I did some research on your issue. A lot of people are experiencing the same exact thing. To be it sounded like a GPU issue or a bad motherboard.
http/www.tomsguide.com/answers/id-1864060/msi-gt70-turn.html
If you read that, the guy at the bottom suggests taking the laptop apart and replacing the thermal paste on the GPU and the CPU. That actually sounds like a great idea to me. I hope that will fix your issue.
A lot of times computer manufactures use cheap paste. As it heats up, it crumbles and disintegrates. The computer will not boot up as a safety mechanism shutting it off to prevent damage to the parts.
If this is the first time that you have taken something like this apart, it is possible to do it right the first time. Take pictures each step that you dismantle. I would suggest also taking a piece of paper for each "layer" of laptop and draw a rough sketch of the holes that the screws came out of and tape the screw to that hole. That way you put each screw back in the proper hole. There are sometimes different sizes. I have seen a lot of techs that take computers apart for a living that have screws left over and have screws that fit in some holes, but not others. Take it one step at a time, go slow.

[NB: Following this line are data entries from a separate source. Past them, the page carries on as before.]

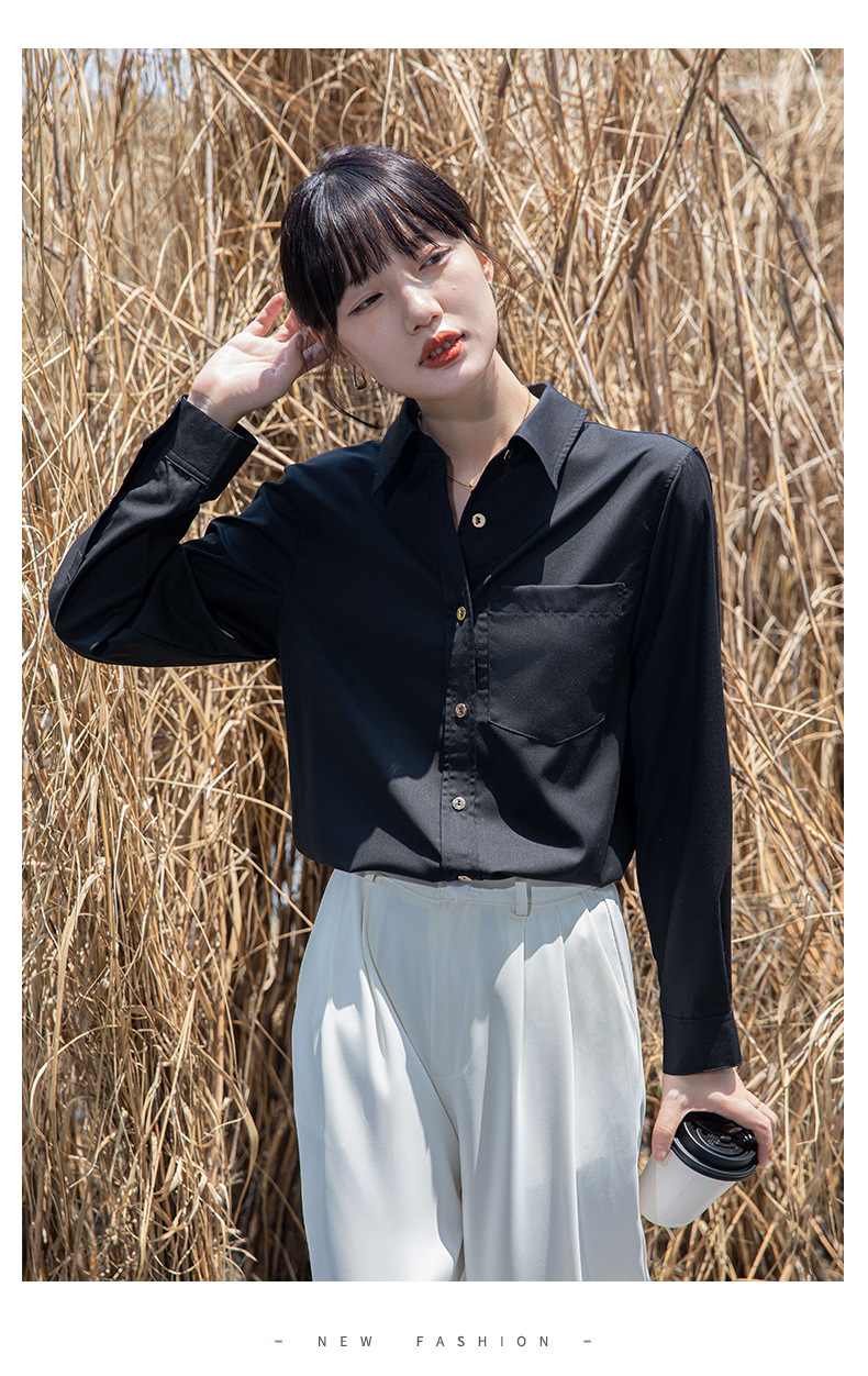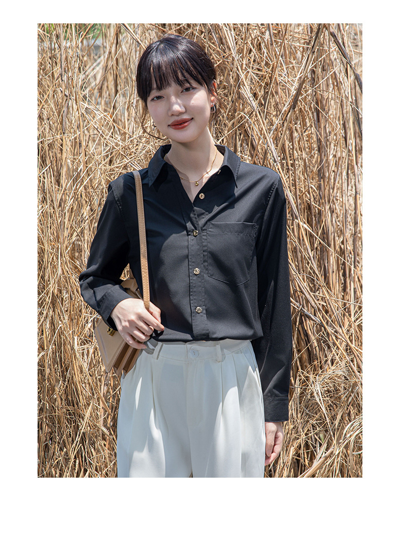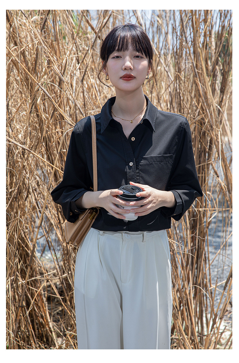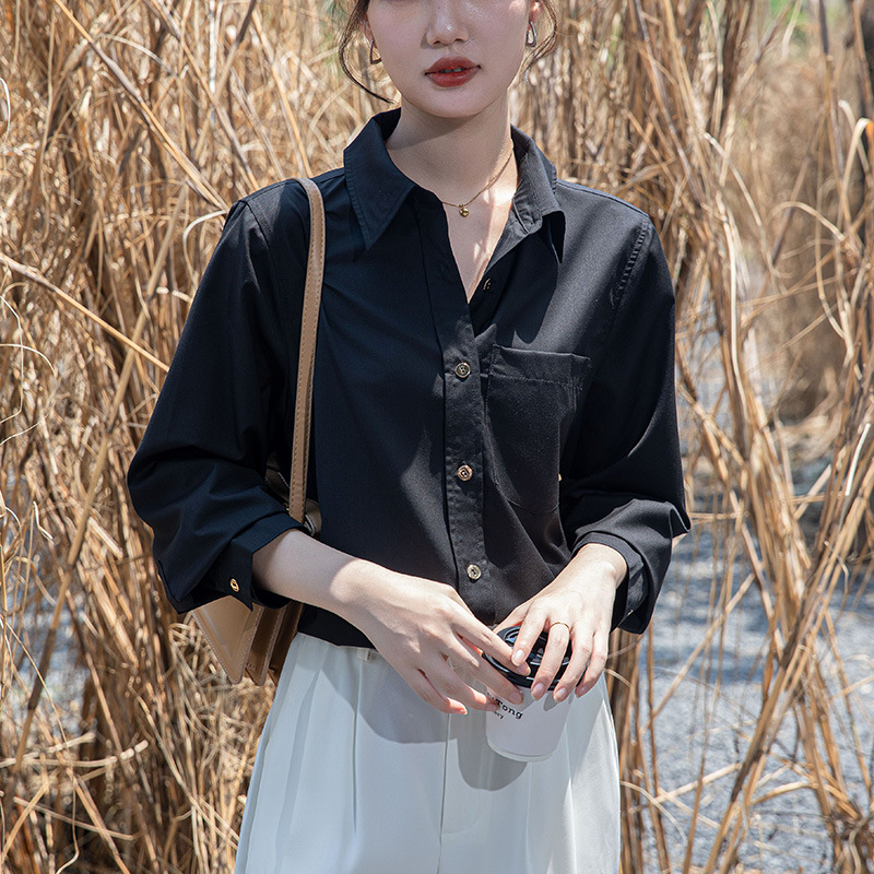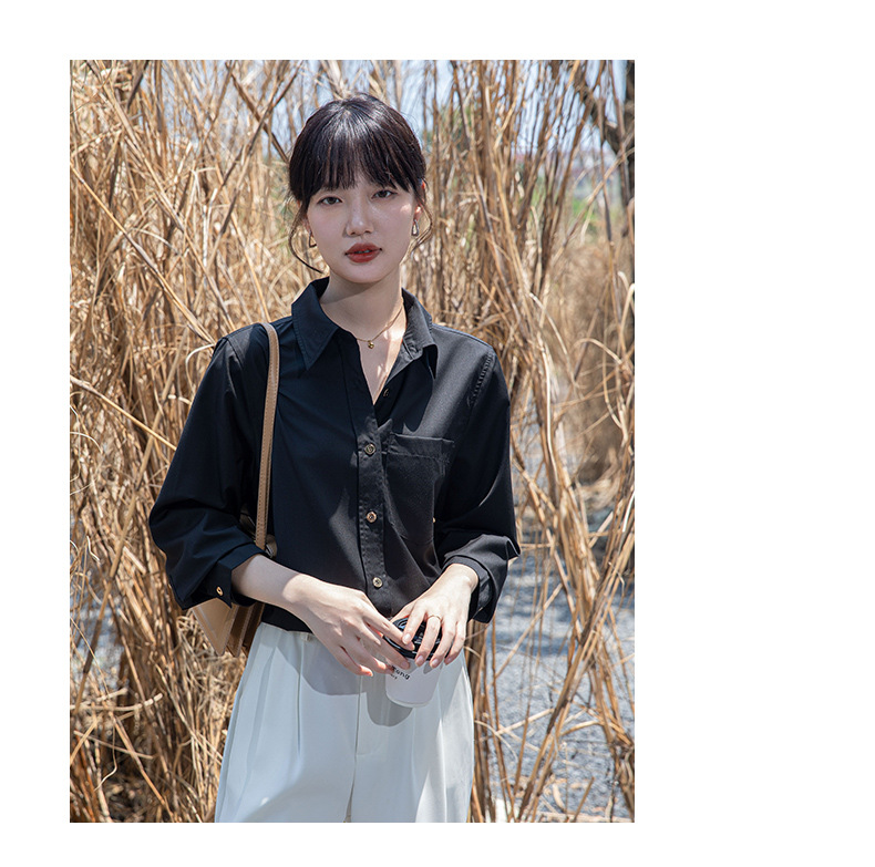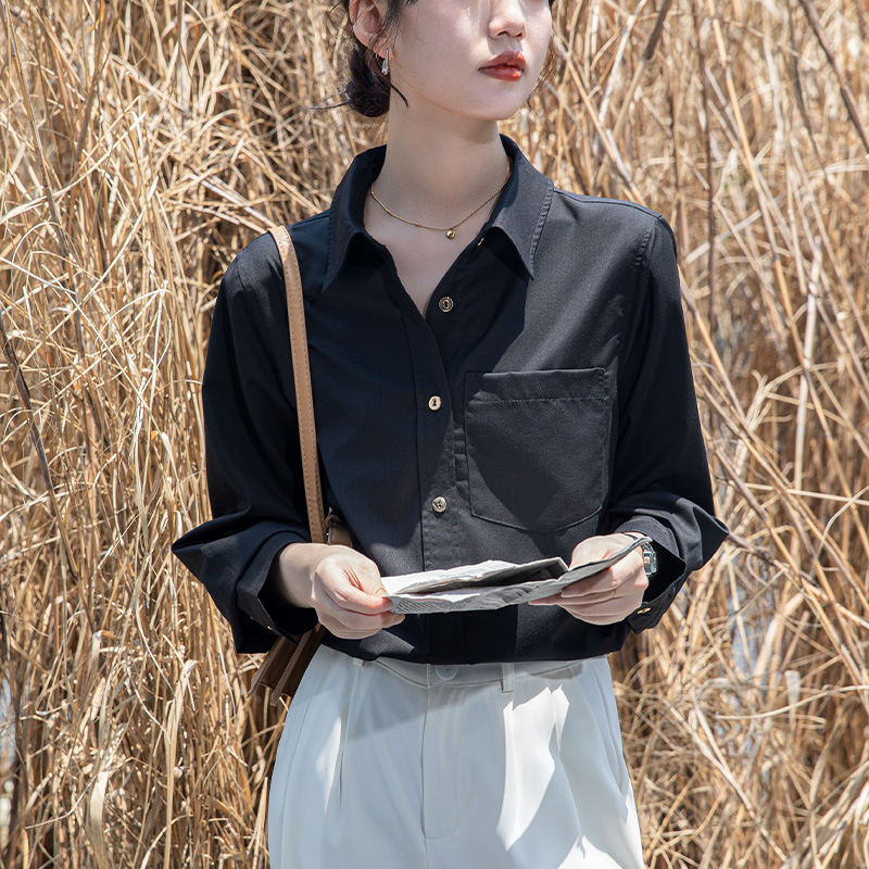 Реальный выстрел новой черной рубашки женщины весной 2025 года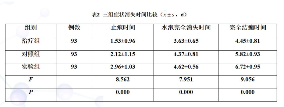 2、症状消失时间:比较三组止泡时间、水泡完全消失时间、完全结痂时间。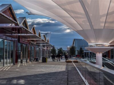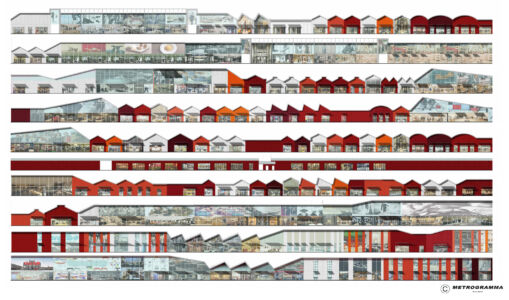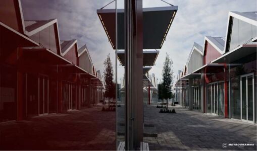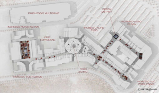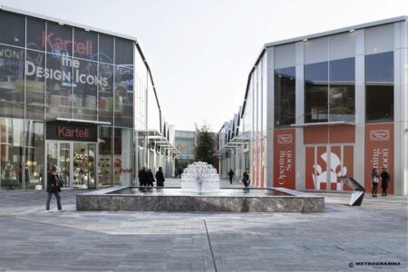 Il progetto è firmato dallo studio Cotefa.ingegneri&architetti, mentre la direzione artistica – inerente facciate e arredo urbano – è stata curata dallo studio Metrogramma che, sulla base degli edifici già progettati da Cotefa, di cui conserva solo le dimensioni e lo skyline dei volumi, ha ridisegnato i fronti con un sistema d’involucri vetrati che caratterizzano l’ambiente. Un ricercato intervento che dona finalmente un aspetto contemporaneo a questa tipologia commerciale. Infatti, stando al progetto iniziale, avremmo rischiato di ritrovarci nell’ennesimo “non luogo” neostoricistico, come ad esempio nell’outlet di Serravalle Scrivia.

If you decide to do this, use good thermal paste. Use just the right amount. Depending on the size of your GPU and CPU contact points you want just enough to cover the flat surface without spilling over onto the other parts.
Lastly, look up on youtube for the instructions to dismantle your laptop to clean it and replace the CPU and GPU paste.
One last question also -- does the computer fan turn on when you press the power button, or am I to assume that the computer shuts off as soon as you press the power button (and it blinks twice?)